*** Source material ***

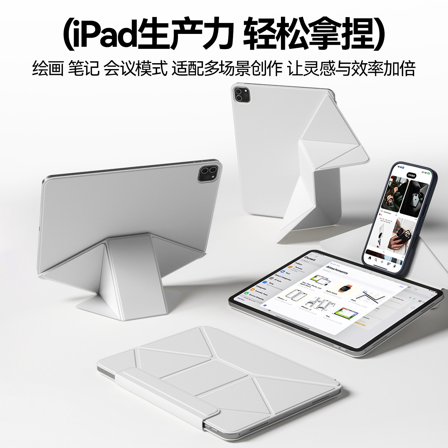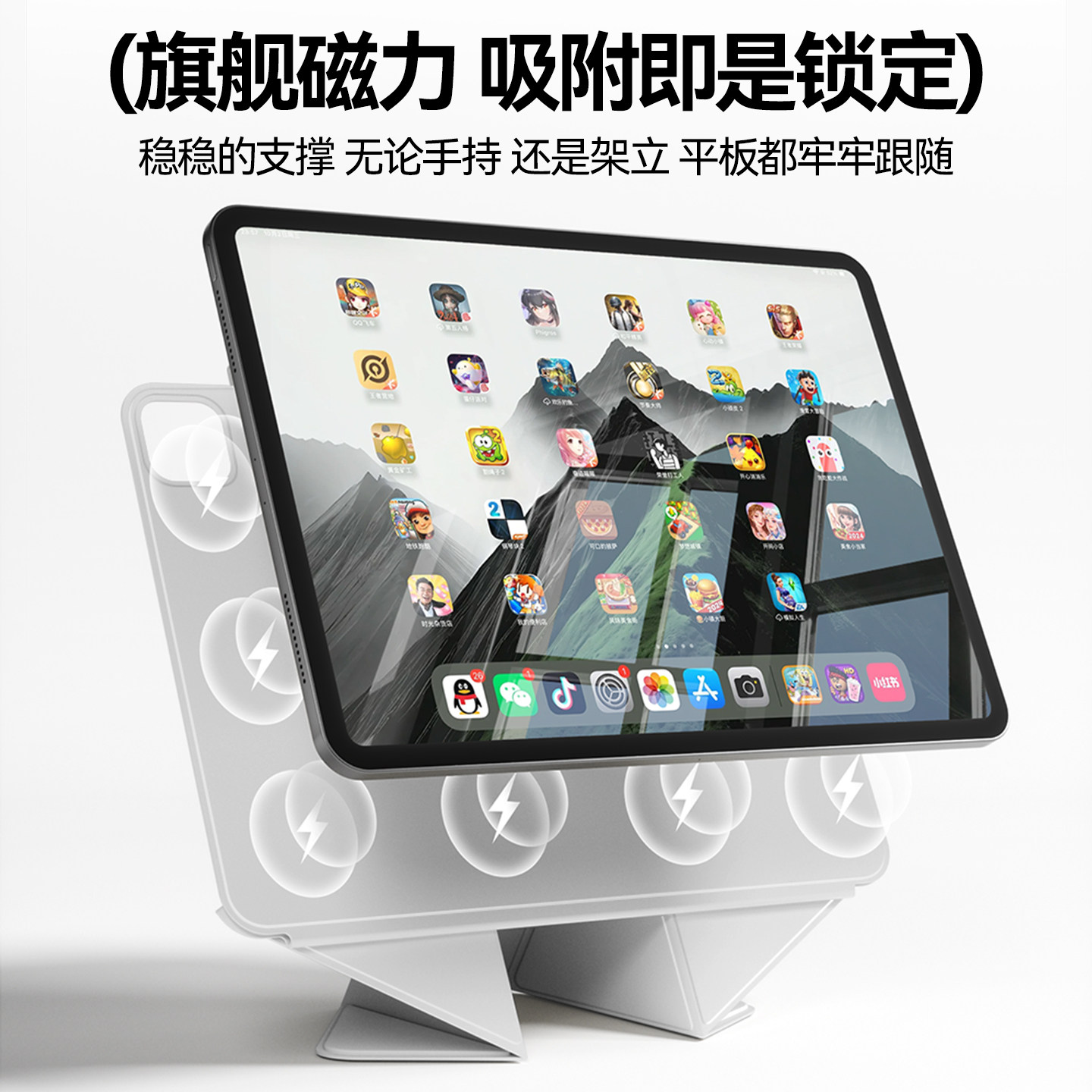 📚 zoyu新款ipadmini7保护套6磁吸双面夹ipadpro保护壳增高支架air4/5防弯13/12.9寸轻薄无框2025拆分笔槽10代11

*** End of Source material ***
*** Source material ***

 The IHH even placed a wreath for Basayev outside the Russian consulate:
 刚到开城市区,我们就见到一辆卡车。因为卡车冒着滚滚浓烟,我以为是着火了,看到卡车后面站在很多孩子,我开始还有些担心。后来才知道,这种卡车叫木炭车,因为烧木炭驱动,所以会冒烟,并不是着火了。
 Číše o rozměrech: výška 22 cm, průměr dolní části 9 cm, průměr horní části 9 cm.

*** End of Source material ***
*** Source material ***

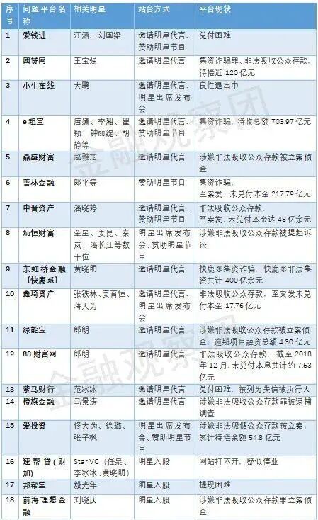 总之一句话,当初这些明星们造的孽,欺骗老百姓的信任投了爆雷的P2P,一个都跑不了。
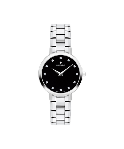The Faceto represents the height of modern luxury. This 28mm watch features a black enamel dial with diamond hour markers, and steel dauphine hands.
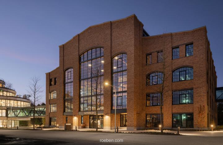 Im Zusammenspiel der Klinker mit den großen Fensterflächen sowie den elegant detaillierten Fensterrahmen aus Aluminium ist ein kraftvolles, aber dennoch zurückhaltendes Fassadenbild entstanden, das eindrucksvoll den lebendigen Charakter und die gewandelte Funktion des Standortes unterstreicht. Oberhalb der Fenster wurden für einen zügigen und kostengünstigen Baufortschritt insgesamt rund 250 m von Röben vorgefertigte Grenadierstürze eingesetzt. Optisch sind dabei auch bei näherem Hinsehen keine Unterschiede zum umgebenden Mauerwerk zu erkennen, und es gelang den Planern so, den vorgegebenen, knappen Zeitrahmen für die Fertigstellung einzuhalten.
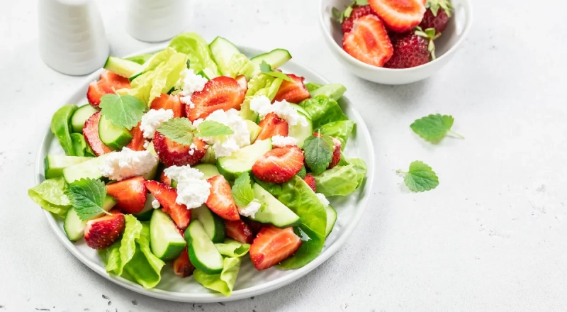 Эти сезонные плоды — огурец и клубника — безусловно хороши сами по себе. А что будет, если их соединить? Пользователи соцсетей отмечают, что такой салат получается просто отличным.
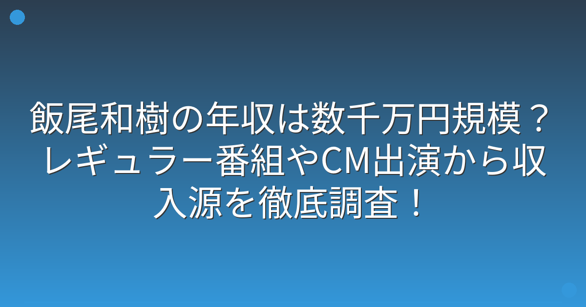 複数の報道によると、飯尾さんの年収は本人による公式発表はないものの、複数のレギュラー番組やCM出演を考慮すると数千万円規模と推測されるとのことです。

*** End of Source material ***

Task goal - Output exactly the lines of the material above from the one containing "The IHH even" up to and including the one containing "Číše o rozměrech: výška".

Result of the exercise -
 The IHH even placed a wreath for Basayev outside the Russian consulate:
 刚到开城市区,我们就见到一辆卡车。因为卡车冒着滚滚浓烟,我以为是着火了,看到卡车后面站在很多孩子,我开始还有些担心。后来才知道,这种卡车叫木炭车,因为烧木炭驱动,所以会冒烟,并不是着火了。
 Číše o rozměrech: výška 22 cm, průměr dolní části 9 cm, průměr horní části 9 cm.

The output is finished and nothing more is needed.